Mein Problem ist nur, das ich ja durch den gescheiterten Versuch, den User auf dem Server anzumelden, keine Verbuíndung zu diesem habe, um ein alter user abzusetzten.

Ich wäre für einen Ansatz, ohne DBA Anmeldung auf dem Server sehr dankbar.

Viele Grüße

Tim


----------



## MeinerEiner_80 (23. Januar 2007)

Moin!
Schau dir mal diesen Thread an, vielleicht hilft der ja...
http://forum.java.sun.com/thread.jspa?forumID=48&threadID=455430

*grüssle*
MeinerEiner


----------



## Thomas Darimont (23. Januar 2007)

Hallo,

...


> Ich wäre für einen Ansatz, ohne DBA Anmeldung auf dem Server sehr dankbar.

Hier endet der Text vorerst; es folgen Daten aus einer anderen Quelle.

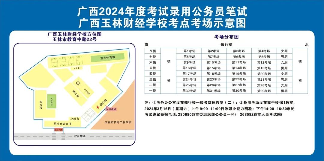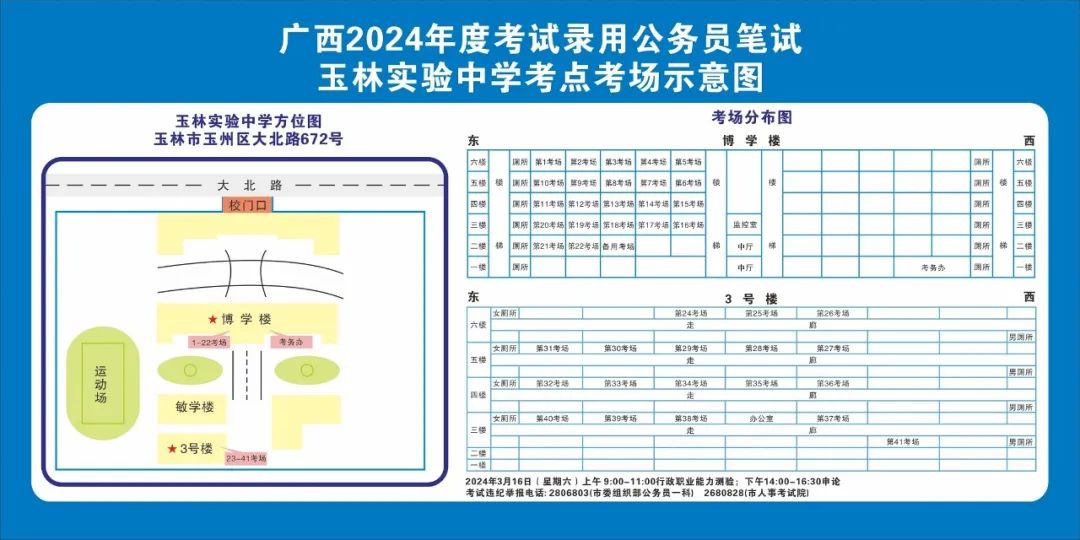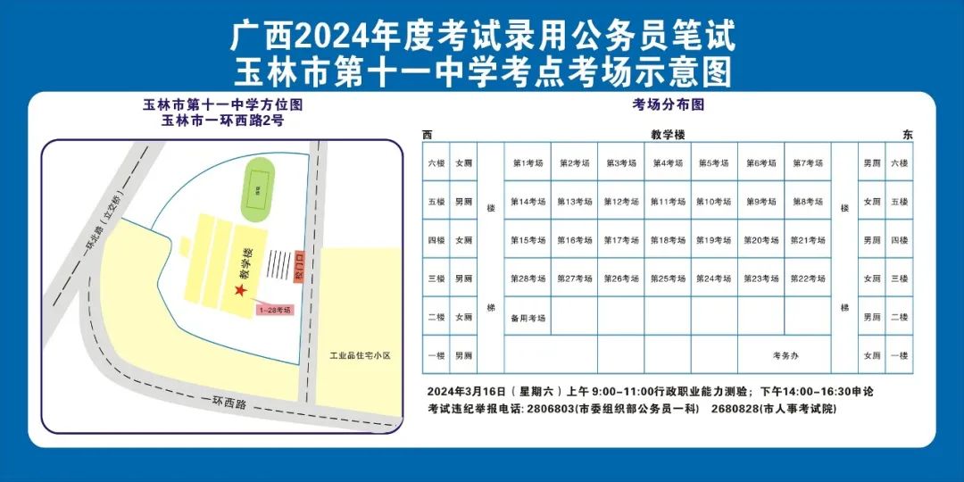 請及時登錄“廣西人事考試網(wǎng)”打印筆試準(zhǔn)考證并妥善保管,仔細(xì)查看準(zhǔn)考證上的考點(diǎn)信息。本次考試玉林考區(qū)共設(shè)10個考點(diǎn),各考點(diǎn)名稱、考點(diǎn)詳細(xì)地址如下:

Damit wirds dann schon etwas komplizierter. Eine Möglichkeit wäre es einen zusätzlichen Account (usermaintenance) der nur das Recht hat eine Stored procedure aufzurufen. Diese Stored procedure könnte dann den Account für einen gesperrten User wieder aktivieren. Als Eingabeparameter bekommt die Prozedur dann den Username und das Password des gesperrten Users und ein Freischalteschlüssel. Der Account wird nur dann wieder freigeschaltet wenn die Username und Passwort Kombination für den User stimmt und der Freischalteschlüssel passt. Der Freischalteschlüssel würde beim Auslaufen des Accounts automatisch per Batch-Job generiert und irgendwo für diesen einen User vermerkt mit der Erlaubnis sich selbst wieder freischalten zu dürfen.
Dieser Schlüssel kann dan dem User (auf Anfrage) zugesendet werden.

Gruß Tom


----------